→ What to produce
Repeat the lines from the one containing "cutting and whole" through the last line of the data, exactly, pictures omitted.

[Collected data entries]
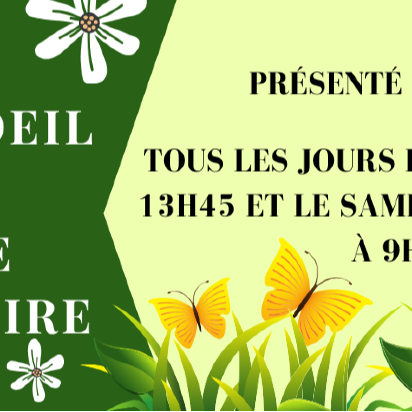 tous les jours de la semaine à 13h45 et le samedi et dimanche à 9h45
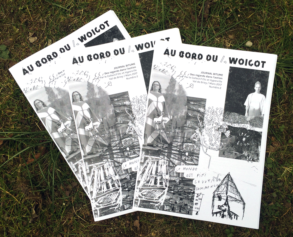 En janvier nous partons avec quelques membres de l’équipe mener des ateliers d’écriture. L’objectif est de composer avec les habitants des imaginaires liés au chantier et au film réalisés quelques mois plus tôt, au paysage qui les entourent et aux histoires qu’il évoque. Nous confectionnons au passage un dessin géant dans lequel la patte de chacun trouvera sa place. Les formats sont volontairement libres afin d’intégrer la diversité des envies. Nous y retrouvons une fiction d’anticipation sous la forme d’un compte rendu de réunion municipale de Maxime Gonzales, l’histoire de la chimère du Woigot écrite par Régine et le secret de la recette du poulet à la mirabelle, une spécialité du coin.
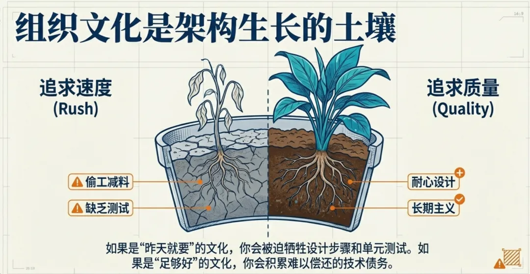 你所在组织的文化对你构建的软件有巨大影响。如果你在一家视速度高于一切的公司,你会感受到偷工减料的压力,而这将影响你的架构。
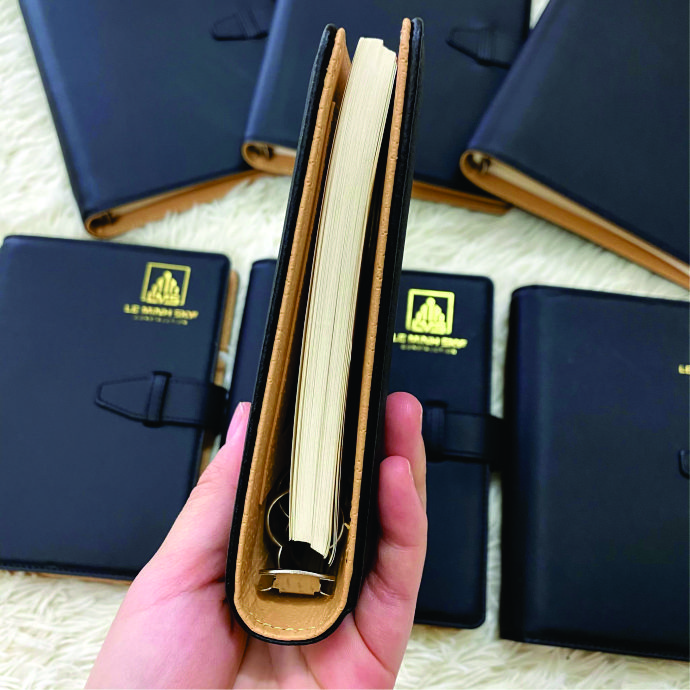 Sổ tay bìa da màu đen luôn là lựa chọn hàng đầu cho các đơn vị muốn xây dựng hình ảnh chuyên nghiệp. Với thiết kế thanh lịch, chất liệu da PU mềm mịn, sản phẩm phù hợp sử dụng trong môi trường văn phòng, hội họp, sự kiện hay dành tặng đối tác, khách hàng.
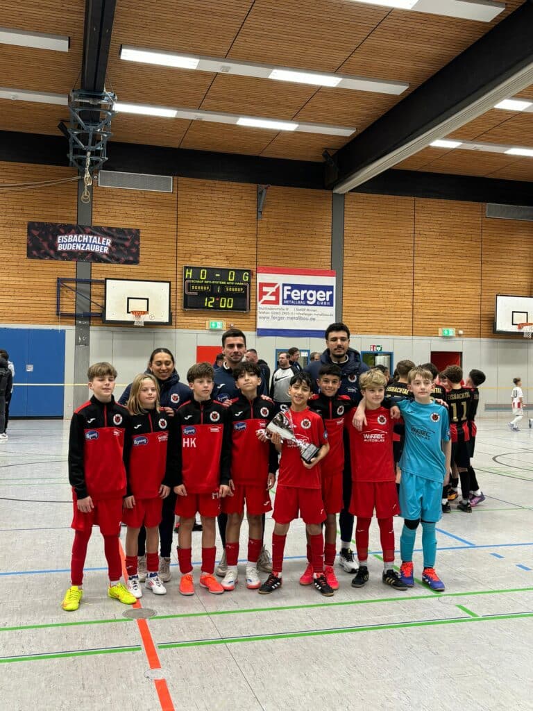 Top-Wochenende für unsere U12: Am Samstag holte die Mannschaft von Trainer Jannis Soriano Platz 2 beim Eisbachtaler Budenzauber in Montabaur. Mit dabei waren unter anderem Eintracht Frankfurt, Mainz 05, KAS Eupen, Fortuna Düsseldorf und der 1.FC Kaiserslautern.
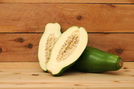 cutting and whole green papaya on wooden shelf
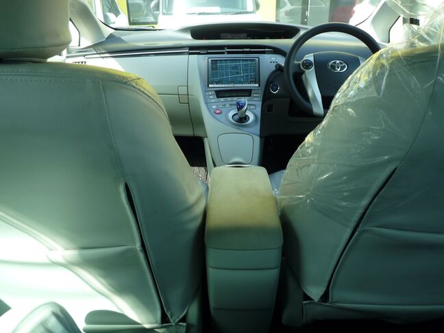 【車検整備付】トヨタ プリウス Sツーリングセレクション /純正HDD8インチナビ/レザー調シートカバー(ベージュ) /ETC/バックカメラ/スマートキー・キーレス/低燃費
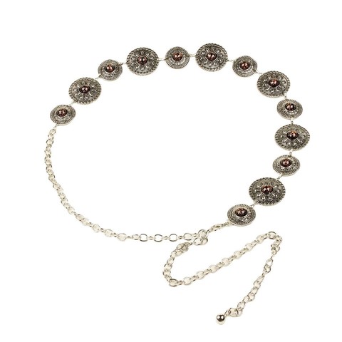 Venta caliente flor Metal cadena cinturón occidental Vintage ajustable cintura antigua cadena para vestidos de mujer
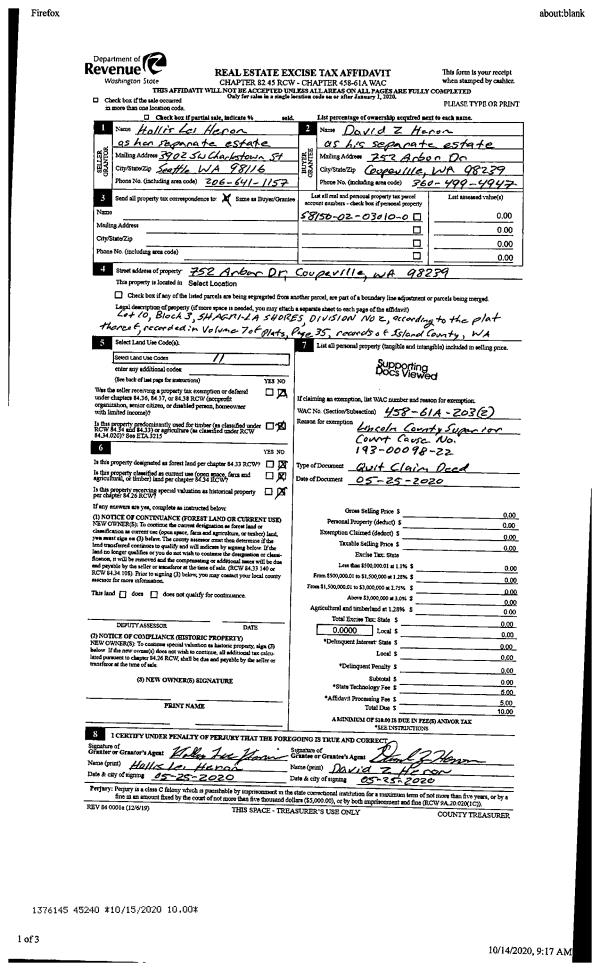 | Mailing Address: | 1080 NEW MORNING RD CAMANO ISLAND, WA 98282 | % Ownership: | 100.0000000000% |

→ Answer for the task
 cutting and whole green papaya on wooden shelf
 【車検整備付】トヨタ プリウス Sツーリングセレクション /純正HDD8インチナビ/レザー調シートカバー(ベージュ) /ETC/バックカメラ/スマートキー・キーレス/低燃費
 Venta caliente flor Metal cadena cinturón occidental Vintage ajustable cintura antigua cadena para vestidos de mujer
 | Mailing Address: | 1080 NEW MORNING RD CAMANO ISLAND, WA 98282 | % Ownership: | 100.0000000000% |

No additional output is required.